§ **Work order**: An exact copy of the data is needed, one that excludes all pictures.

§ **Dataset excerpt**:

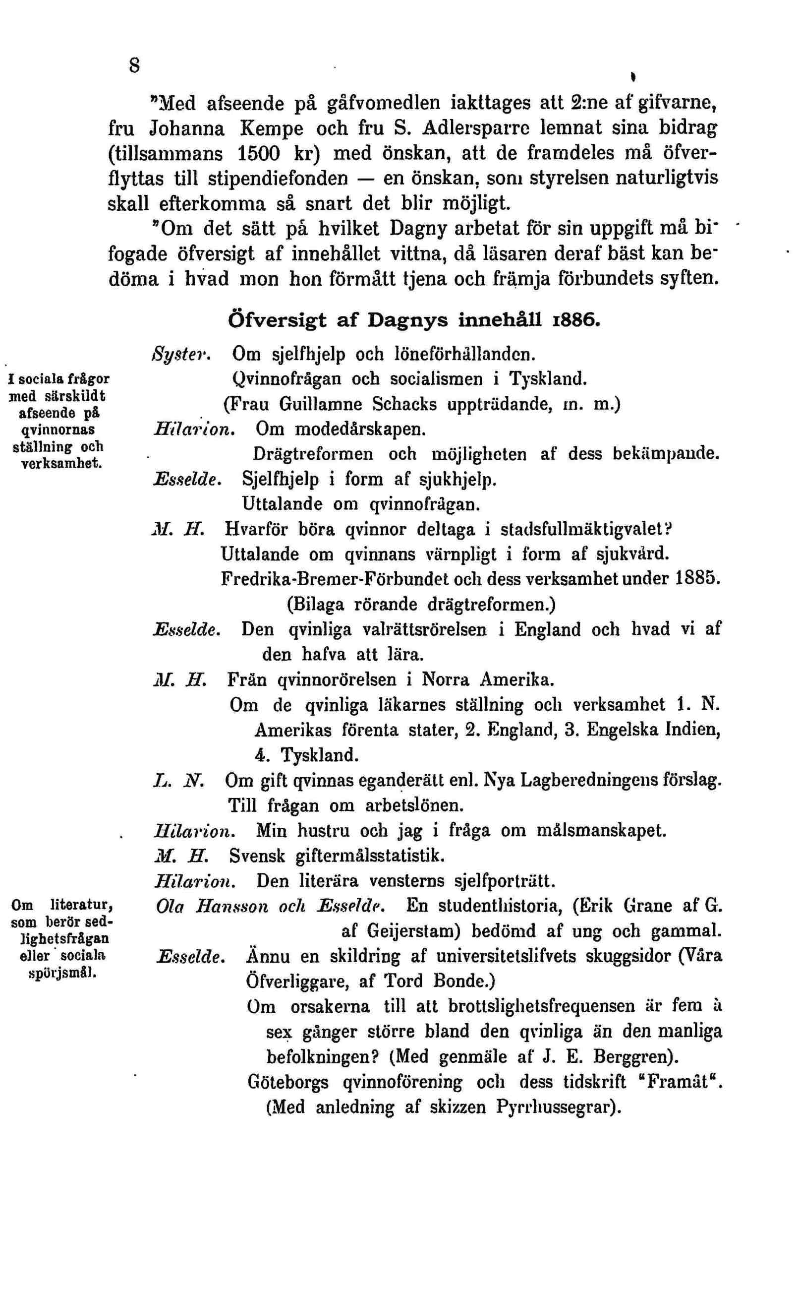 fru Johanna Kempe och fru S. Adlersparre lemnat sina bidrag
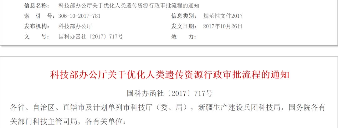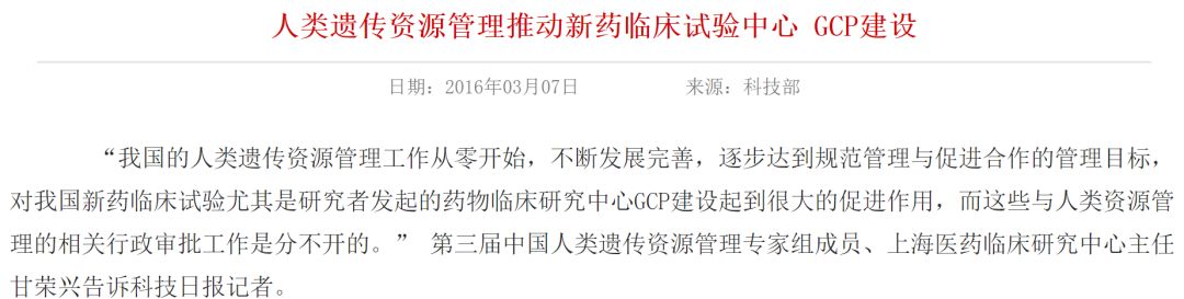 而2017年10月26日,国家科技部又发布通知,科技部研究制定了针对为获得相关药品和医疗器械在我国上市许可,利用我国人类遗传资源开展国际合作临床试验的优化审批流程。
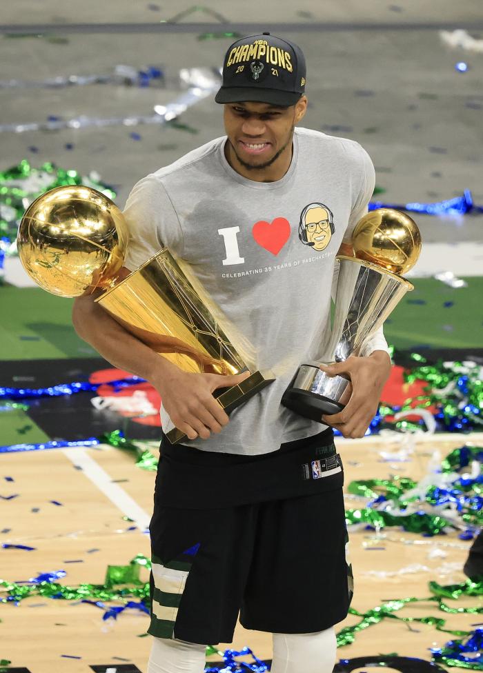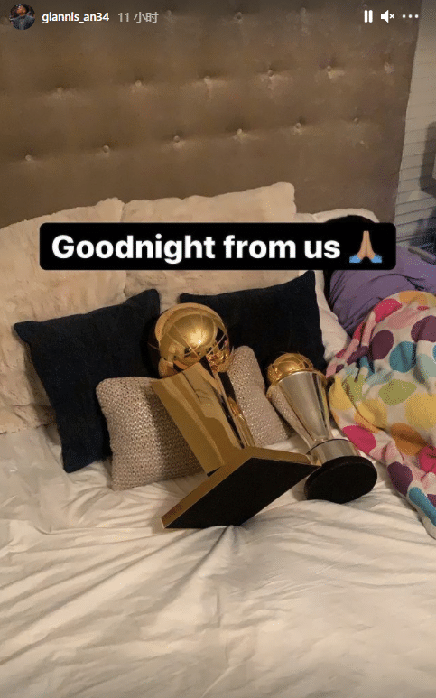 360直播吧讯 密尔沃基雄鹿4-2击败太阳夺得总冠军之后,字母哥第一个把总冠军奖杯带回家,并且抱着奥布莱恩杯和FMVP奖杯睡觉;总决赛G6字母哥狂砍50分14篮板5盖帽,总决赛场均35+13全票当选FMVP。
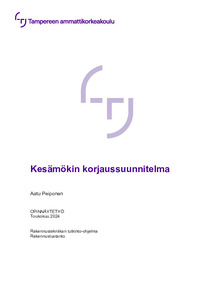 Opinnäytetyössä selvitettiin aistinvaraisesti vuonna 1978 valmistuneen alkuperäiskuntoisen kesämökin rakenteiden kunto ja korjaustarve. Aistinvaraisesti tehdyssä nykykunnon ja korjaustarpeen arvioinnissa tarkasteltavat kohteet olivat rakennuksen rakenteet sekä perustuksien kosteustekniseen toimivuuteen liittyvät salaojat. Arvion pohjalta laadittiin kohteelle korjaussuunnitelma sekä alustava kustannusarvio.

§ **Output of the exercise**:
 fru Johanna Kempe och fru S. Adlersparre lemnat sina bidrag
 而2017年10月26日,国家科技部又发布通知,科技部研究制定了针对为获得相关药品和医疗器械在我国上市许可,利用我国人类遗传资源开展国际合作临床试验的优化审批流程。
 360直播吧讯 密尔沃基雄鹿4-2击败太阳夺得总冠军之后,字母哥第一个把总冠军奖杯带回家,并且抱着奥布莱恩杯和FMVP奖杯睡觉;总决赛G6字母哥狂砍50分14篮板5盖帽,总决赛场均35+13全票当选FMVP。
 Opinnäytetyössä selvitettiin aistinvaraisesti vuonna 1978 valmistuneen alkuperäiskuntoisen kesämökin rakenteiden kunto ja korjaustarve. Aistinvaraisesti tehdyssä nykykunnon ja korjaustarpeen arvioinnissa tarkasteltavat kohteet olivat rakennuksen rakenteet sekä perustuksien kosteustekniseen toimivuuteen liittyvät salaojat. Arvion pohjalta laadittiin kohteelle korjaussuunnitelma sekä alustava kustannusarvio.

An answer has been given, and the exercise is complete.